### Required action
The listing below is to be given again in full and word for word, without its images.

### Source material
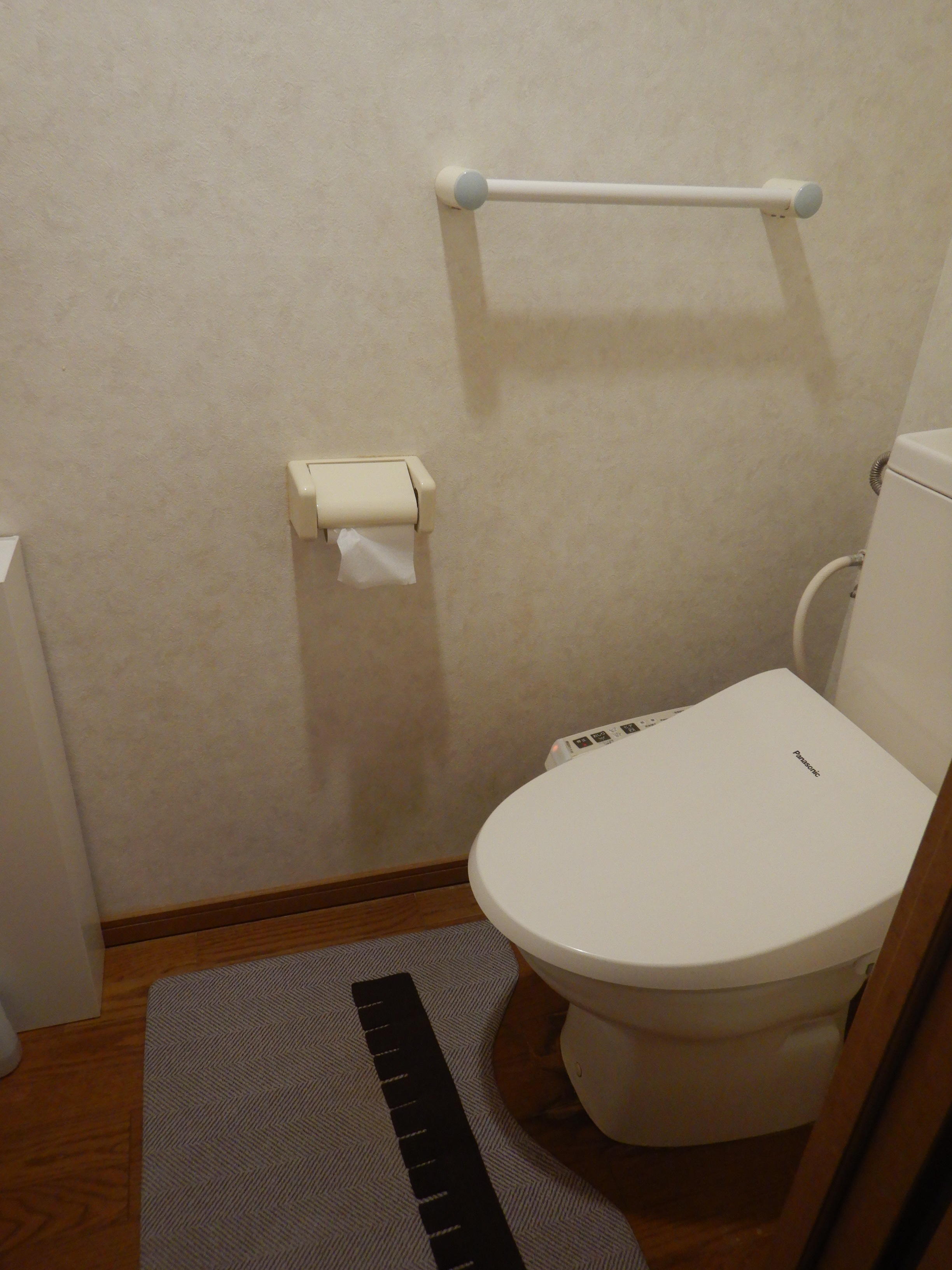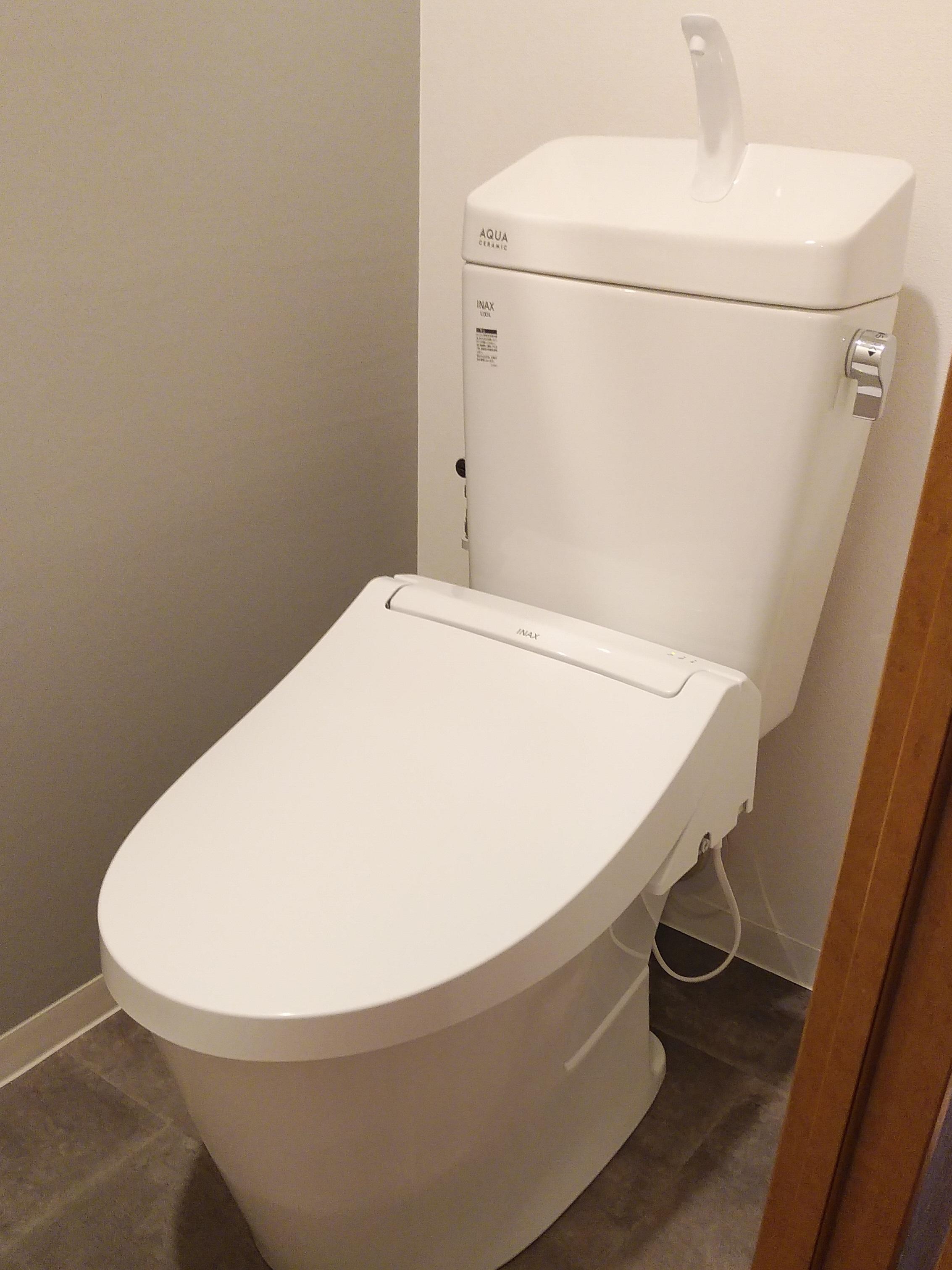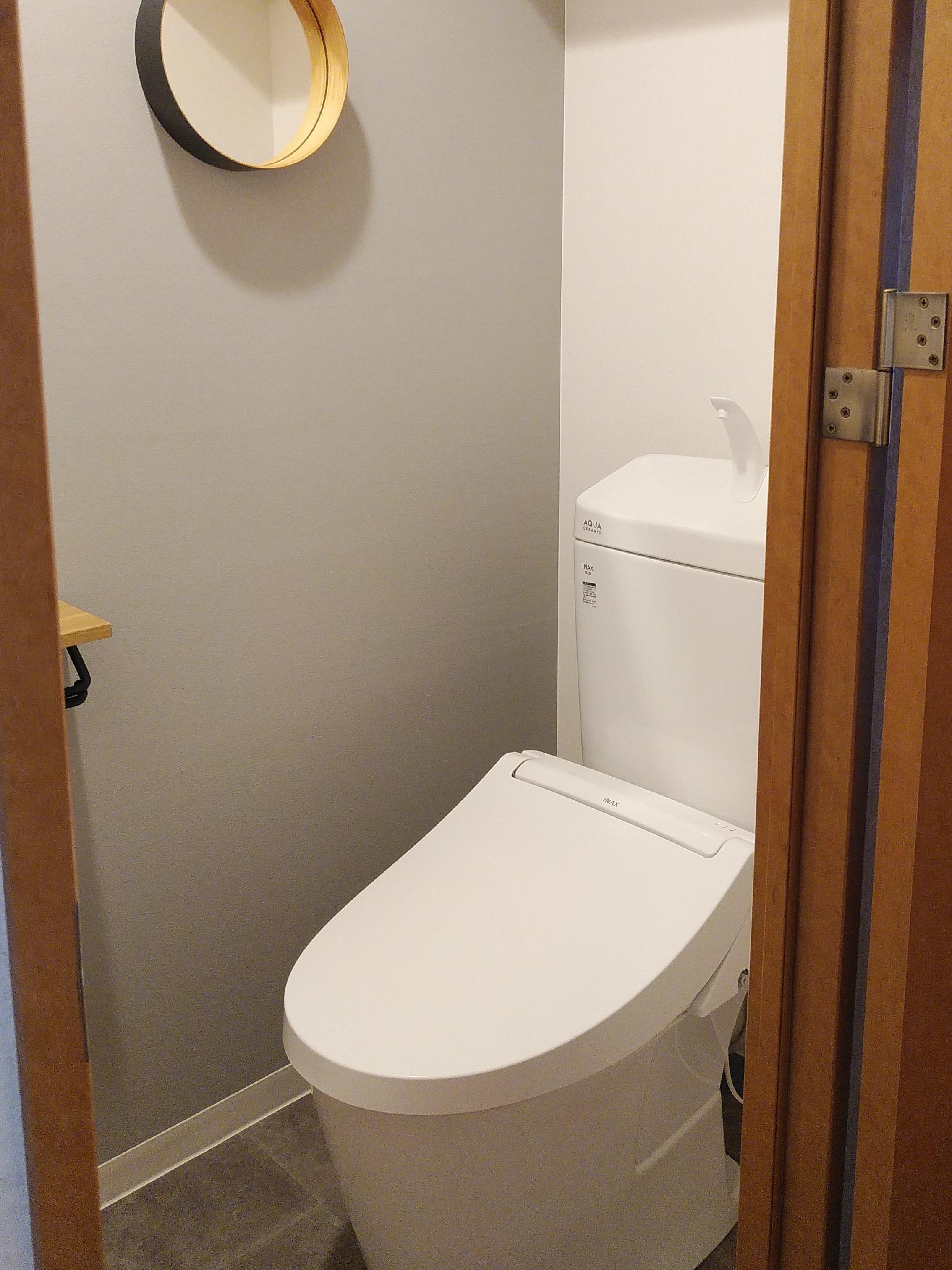 トイレのリフォーム。 グレー系のアクセントクロスやフロアタイルで、シンプル&落ち着けるトイレ空間になりました。
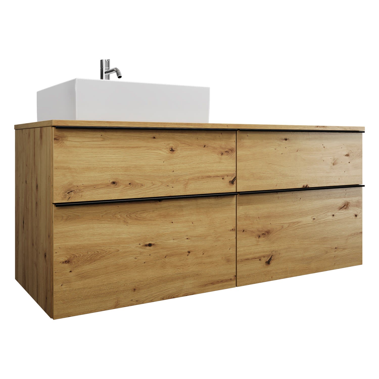 burgbad Eqio Waschtischkombination mit Keramik-Aufsatzwaschtisch 140 cm, links, mit Griffleiste G0252
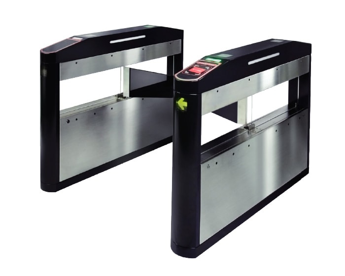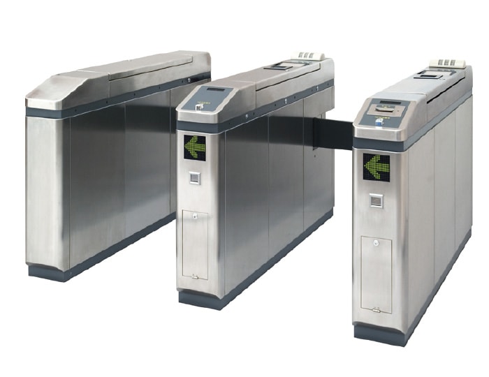 スタイリッシュなデザインのフラッパーゲート。 両サイドにフラップを備えた筐体を用い、省スペースで複数通路の設置が可 能です。レジャー施設やアミューズメント施設に多数の導入実績があります。 ラッピング加工などで施設の雰囲気に合わせることも可能です。

### Result of this task
 トイレのリフォーム。 グレー系のアクセントクロスやフロアタイルで、シンプル&落ち着けるトイレ空間になりました。
 burgbad Eqio Waschtischkombination mit Keramik-Aufsatzwaschtisch 140 cm, links, mit Griffleiste G0252
 スタイリッシュなデザインのフラッパーゲート。 両サイドにフラップを備えた筐体を用い、省スペースで複数通路の設置が可 能です。レジャー施設やアミューズメント施設に多数の導入実績があります。 ラッピング加工などで施設の雰囲気に合わせることも可能です。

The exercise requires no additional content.